§ **Task to complete**: Once the line holding "Metal Rolling Ladders" is found, output it and all remaining lines of the data exactly, with every picture left out.

§ **Data block**:
[Start of section]
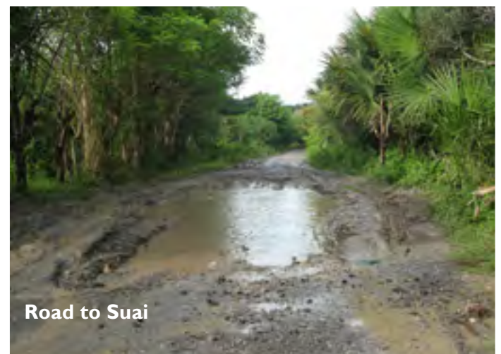
Road to Suai

Little is known about the infrastructural projects in the town as information that exists is contradictory. The consultation processes has only involved Chefe de Sucos but there still appears to have been no consultation (by them or the government) within the communities whose land is likely to be affected. The District Administration report that 300 Koreans are due to arrive in Timor for geological survey work this year, but how they will be housed and fed is not known.
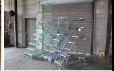
Metal Rolling Ladders 5 to 8 Step Ladders 16" to 24" Wide Steps
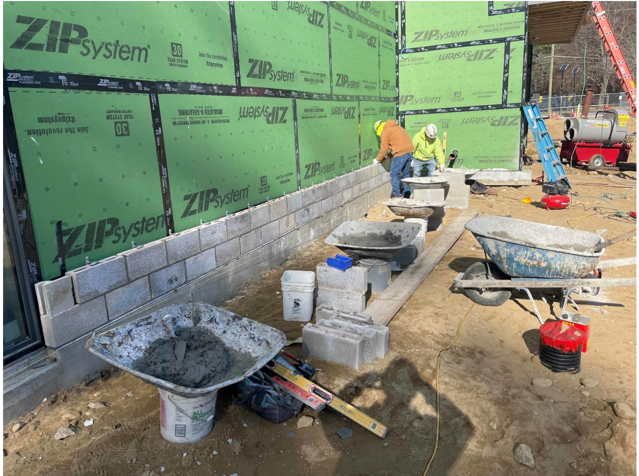
The masonry base was recently installed.
[End of section]
§ **Answer to this problem**:
Metal Rolling Ladders 5 to 8 Step Ladders 16" to 24" Wide Steps
The masonry base was recently installed.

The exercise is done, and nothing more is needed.